Oops. I somehow lost track of your reply, JackQ, until I received the notices about the newest replies. My apologies.
What do you mean “fundamentally different ways of being religious communities”? How are they different? For all I can see, you could be referring to hat styles.
Well, there is that…
No, really, I mean that the experience of being Orthodox and the experience of being Catholic are fundamentally different. Those who have been Catholic and converted to Orthodoxy could explain the details much better than I could (sadly, it looks like most are currently on sabbatical or banned), as I have not “swam the Nile” yet, as it were (though I suppose none of them did, either). Still, even from where I am now compared to where I was then, there has been a lot of change. I wouldn’t say a 180-degree change or anything (as I was always open to the East and the Orient; my RC confirmation saints were Sts. Cyril and Methodius), but whereas before I was looking at a church with apostolic roots, with Orthodoxy it seems more like finding the apostolic faith itself, which the church naturally grows by.
Our realities are different? Do I see an ostrich where you see a chair? Is there an interdimensional aspect to this?
No. I am not sure, but it seems like you’re looking at things from a worldly perspective. My point is that Catholics and Orthodox look at things very differently. Their approaches to the faith are very different. For instance, whereas Catholics see the church as built upon the person of St. Peter, Orthodoxy sees the church as built upon Peter’s confession of faith. This has profound implications on how the people relate to the church.
What’s different about our experiences? What’s different about our mindsets? I’m not even sure I have a mindset.
Everyone’s got a mindset, my friend.

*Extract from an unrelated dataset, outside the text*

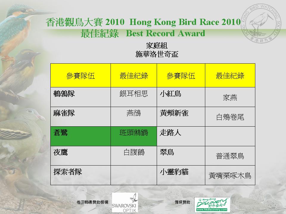 家庭組最佳紀錄:蒼鷺隊 斑頭鵂鶹

I quoted here on CAF some months ago a passage from a book I like in which a Coptic monk in the desert gives a word to a Catholic monk who is visiting the monasteries and trying to understand the Orthodox faith. The monk says: “In the ancient tongue, alpha means ‘eagle.’ It is the bird of heaven, that which represents God – transcendent, over all. Beta is the Hebrew word; we hear it in the name ‘Bethel.’ It means ‘house, home’, the place in which we are familiar, comfortable, in control, the place where we live our lives day to day. But these two words, so opposite, have been conjoined: ‘alpha’ and ‘beta’, because in Christ Jesus, heaven is wedded to earth. Christ is the Word made flesh to dwell among us, to pitch His tent in our midst. We are not estranged any longer. This is easy; this is simple. Every child knows the alphabet, and so any heart can accept our Faith.”
I should note that when I posted this (in the context of a thread that asked why the Catholic church has so many doctrines, if I remember correctly), the only reply I got was decidedly negative, from people who disagreed with this idea that the faith is simple. I rather agree with the monk. I don’t have a monk’s mindset, but I have a mindset that would agree with a nameless monk over the Pope and the millions of reams of Catholic official documents that try to explain and categorize and define this very simple thing.
What is “Western Christianity’s” trajectory? Where is it headed. What don’t you like about it?
See above.
Actually, thus far it’s been incomprehensible to me. You suggest that it may be because I’m too Western to get it.
I don’t think I said anything about you specifically, or if I did I was in error, as I don’t mean anything towards you particularly, or Westerners as a general category. I too am a Westerner, through and through. It’s not about some sort of silly East v. West dichotomy. Orthodoxy is where orthodoxy is, and heterodoxy is where heterodoxy is.
But, tell me: what kind of Christianity is incomprehensible to a significant portion of the world’s population?
I’m not sure what you mean by “what kind”. Christianity itself is incomprehensible to an ever-growing number of people in many parts of the world, it seems. I suppose it always has been, to some degree. Our Lord told us it would be that way. But we know, no matter what church we’re in, that it is not actually incomprehensible so much as not a worldly philosophy, and so it does not make sense to many. I would go one step further and say that any kind of Christianity that seems to be in accord with the world has likely obscured elemental truths of the faith, and as such is to be discarded.
There you go with the reality again. How is our reality different? What divisions and points are we concerned with, and what is it about our reality that makes them materialize?
Many of the particular points of doctrine or dogma that are found in the West don’t even seem like reasonable things to think about outside of that tradition. For instance, transubstantiation. I have not yet met any Eastern or Oriental Christian who cares for this idea either way. Why label and classify a mystery, they ask. Sort of like the Ethiopians’ reaction to finding out that the rest of the Christian world does not consider Pontius Pilate a saint. “Really? Why not?”
Well, being of one mind, might be attainable if we…you know…try, as opposed to just going off and being a separate religion. I don’t think I understand your other points in this paragraph.
Well, I think that’s what all of the ecumenical dialogues are all about. Trying to understand each other and see if there is any greater unity to be had. We can’t just not try. As far as being a separate religion, I think that is what people on all sides are afraid of…how far apart is too far, y’know? I don’t know. All we can do is pray.